**Given material:**

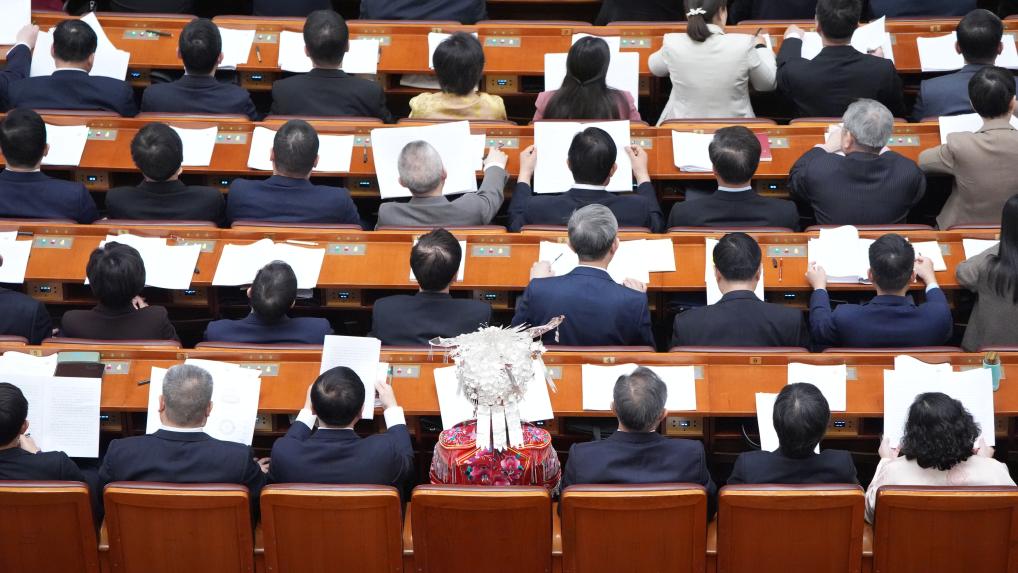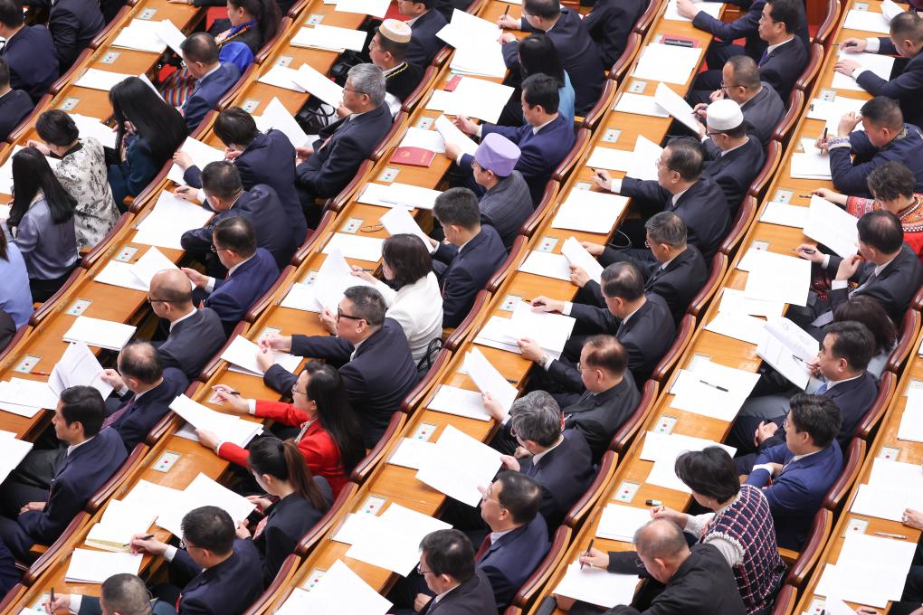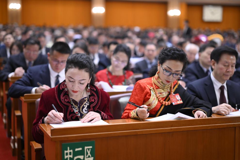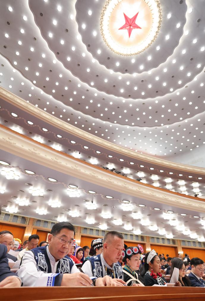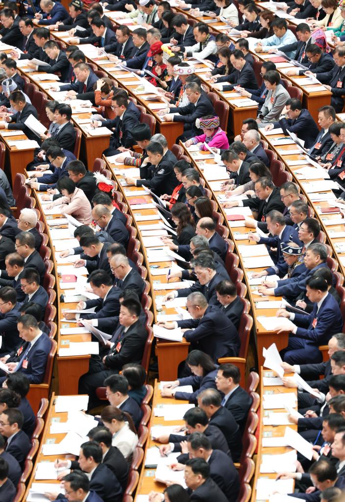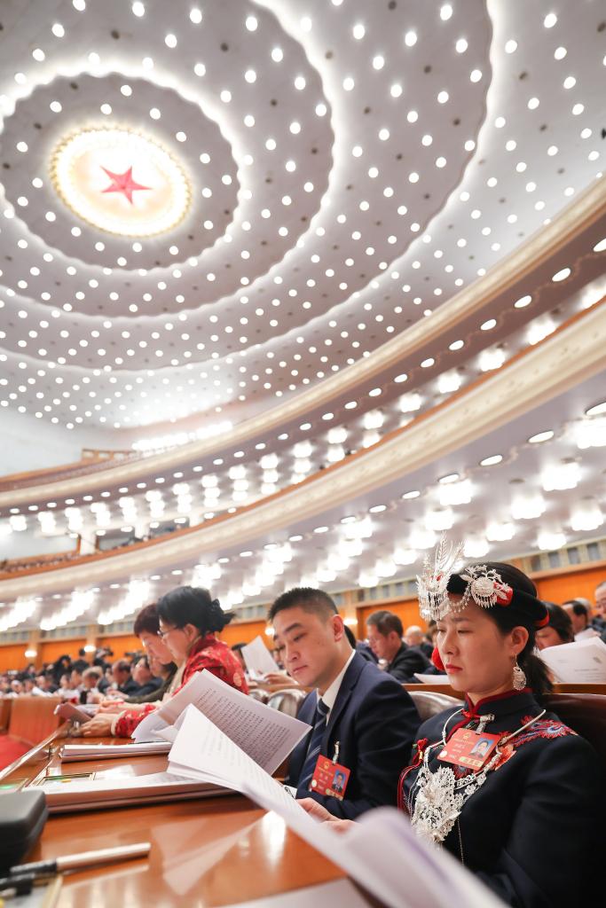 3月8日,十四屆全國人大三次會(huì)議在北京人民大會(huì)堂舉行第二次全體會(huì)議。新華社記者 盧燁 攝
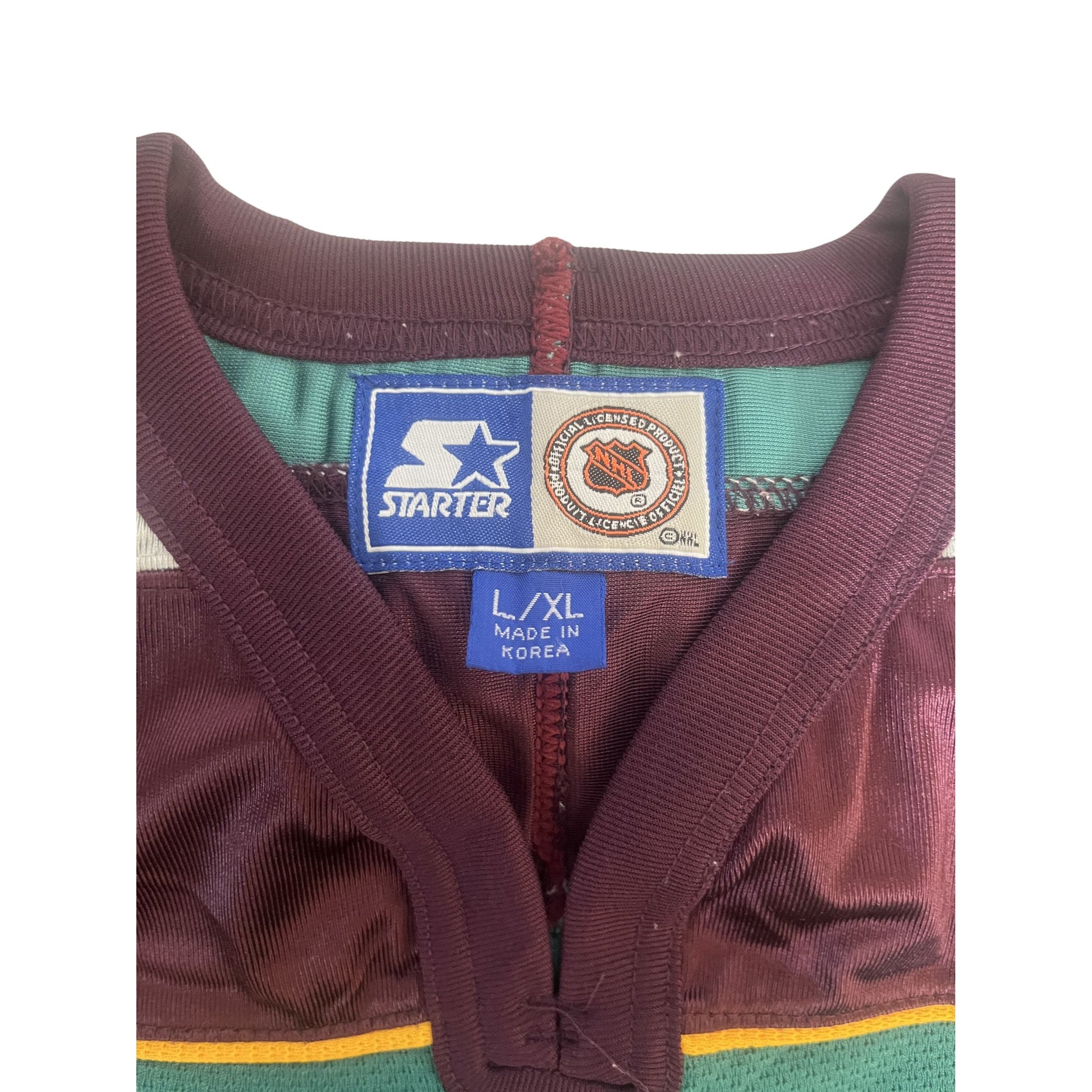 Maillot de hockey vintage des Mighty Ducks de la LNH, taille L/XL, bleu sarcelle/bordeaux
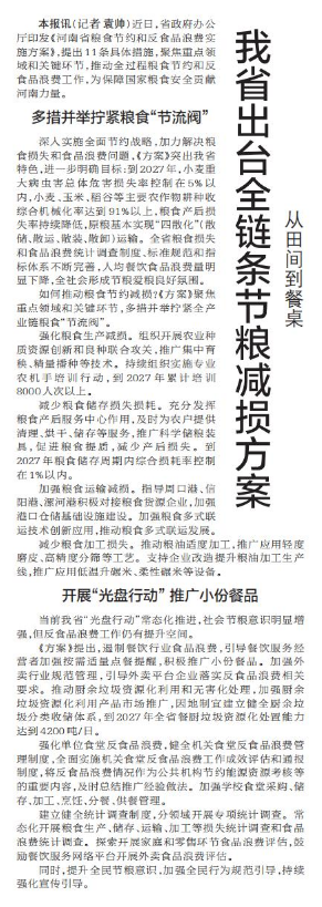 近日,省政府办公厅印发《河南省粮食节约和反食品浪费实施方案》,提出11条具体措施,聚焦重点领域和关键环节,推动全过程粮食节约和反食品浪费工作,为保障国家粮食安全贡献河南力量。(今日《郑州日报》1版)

**What the task requires:**
Please output the listing above in full, exactly as given, without its images.

**Output for this exercise:**
 3月8日,十四屆全國人大三次會(huì)議在北京人民大會(huì)堂舉行第二次全體會(huì)議。新華社記者 盧燁 攝
 Maillot de hockey vintage des Mighty Ducks de la LNH, taille L/XL, bleu sarcelle/bordeaux
 近日,省政府办公厅印发《河南省粮食节约和反食品浪费实施方案》,提出11条具体措施,聚焦重点领域和关键环节,推动全过程粮食节约和反食品浪费工作,为保障国家粮食安全贡献河南力量。(今日《郑州日报》1版)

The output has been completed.